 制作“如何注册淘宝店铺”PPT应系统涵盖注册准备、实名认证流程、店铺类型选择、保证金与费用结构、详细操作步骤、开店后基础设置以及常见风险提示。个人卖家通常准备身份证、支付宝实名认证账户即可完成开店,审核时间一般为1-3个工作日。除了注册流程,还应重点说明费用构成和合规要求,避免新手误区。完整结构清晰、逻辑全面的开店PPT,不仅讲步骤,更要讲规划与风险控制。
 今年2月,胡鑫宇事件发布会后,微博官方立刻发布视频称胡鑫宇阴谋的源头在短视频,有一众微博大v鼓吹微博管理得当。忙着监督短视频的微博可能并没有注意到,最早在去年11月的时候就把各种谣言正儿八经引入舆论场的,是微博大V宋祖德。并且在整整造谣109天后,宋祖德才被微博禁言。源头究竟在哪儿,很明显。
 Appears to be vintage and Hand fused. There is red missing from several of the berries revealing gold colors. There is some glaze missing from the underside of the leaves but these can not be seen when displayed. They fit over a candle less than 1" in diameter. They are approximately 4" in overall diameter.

==

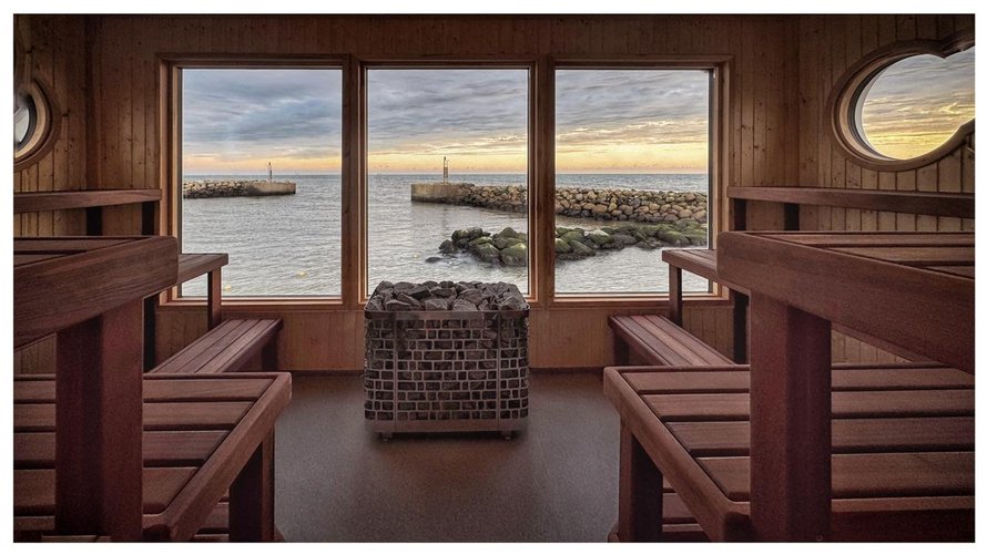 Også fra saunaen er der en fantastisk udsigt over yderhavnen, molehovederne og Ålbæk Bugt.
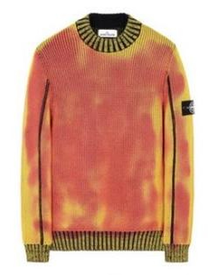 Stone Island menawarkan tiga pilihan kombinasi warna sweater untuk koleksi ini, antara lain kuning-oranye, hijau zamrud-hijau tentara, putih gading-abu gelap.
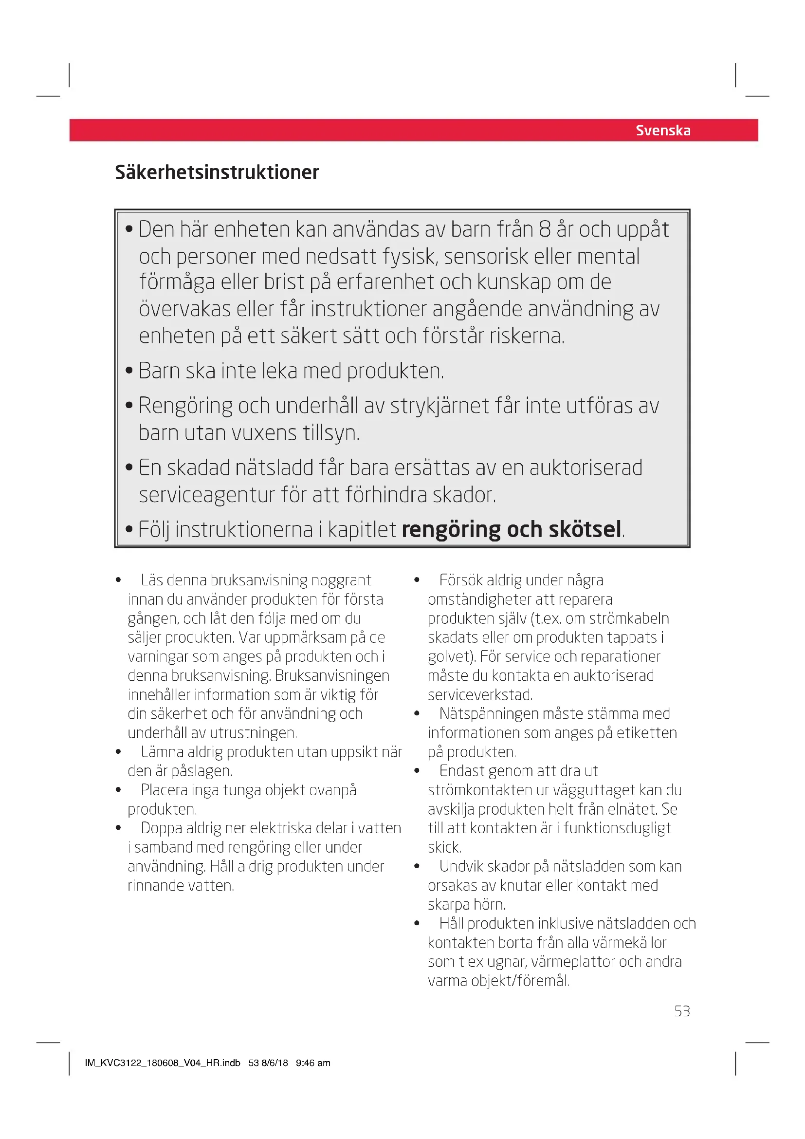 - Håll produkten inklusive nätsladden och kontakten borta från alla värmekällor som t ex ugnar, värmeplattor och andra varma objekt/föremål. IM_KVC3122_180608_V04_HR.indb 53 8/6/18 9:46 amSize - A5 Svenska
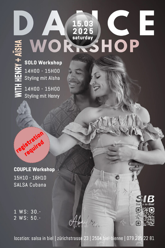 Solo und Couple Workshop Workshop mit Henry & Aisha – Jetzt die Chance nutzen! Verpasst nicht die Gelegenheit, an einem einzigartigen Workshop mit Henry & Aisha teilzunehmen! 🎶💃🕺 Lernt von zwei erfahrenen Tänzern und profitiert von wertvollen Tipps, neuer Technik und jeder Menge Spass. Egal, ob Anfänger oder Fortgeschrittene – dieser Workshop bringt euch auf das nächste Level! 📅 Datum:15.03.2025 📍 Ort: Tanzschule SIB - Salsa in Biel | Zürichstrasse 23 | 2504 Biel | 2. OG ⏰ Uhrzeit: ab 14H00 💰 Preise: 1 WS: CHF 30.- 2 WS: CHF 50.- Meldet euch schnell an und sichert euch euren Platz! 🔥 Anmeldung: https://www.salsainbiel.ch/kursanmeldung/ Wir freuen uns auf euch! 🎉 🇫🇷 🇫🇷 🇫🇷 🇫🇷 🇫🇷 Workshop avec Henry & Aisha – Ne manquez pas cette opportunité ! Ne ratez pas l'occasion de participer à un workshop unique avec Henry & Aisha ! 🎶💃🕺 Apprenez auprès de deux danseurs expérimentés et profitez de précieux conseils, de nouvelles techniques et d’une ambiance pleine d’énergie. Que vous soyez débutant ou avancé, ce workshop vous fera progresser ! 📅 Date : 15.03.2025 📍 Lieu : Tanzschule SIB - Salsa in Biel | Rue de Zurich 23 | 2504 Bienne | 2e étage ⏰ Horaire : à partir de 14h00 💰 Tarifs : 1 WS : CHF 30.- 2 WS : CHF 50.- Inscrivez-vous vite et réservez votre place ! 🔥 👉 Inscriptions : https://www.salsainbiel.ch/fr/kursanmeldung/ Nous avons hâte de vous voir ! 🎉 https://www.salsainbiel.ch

* **WHAT THE EXERCISE ASKS**
In the entries above, find the line containing "Også fra saunaen" and the line containing "Stone Island menawarkan", then copy both and every line between them exactly, without any picture.

* **ANSWER SPACE**
 Også fra saunaen er der en fantastisk udsigt over yderhavnen, molehovederne og Ålbæk Bugt.
 Stone Island menawarkan tiga pilihan kombinasi warna sweater untuk koleksi ini, antara lain kuning-oranye, hijau zamrud-hijau tentara, putih gading-abu gelap.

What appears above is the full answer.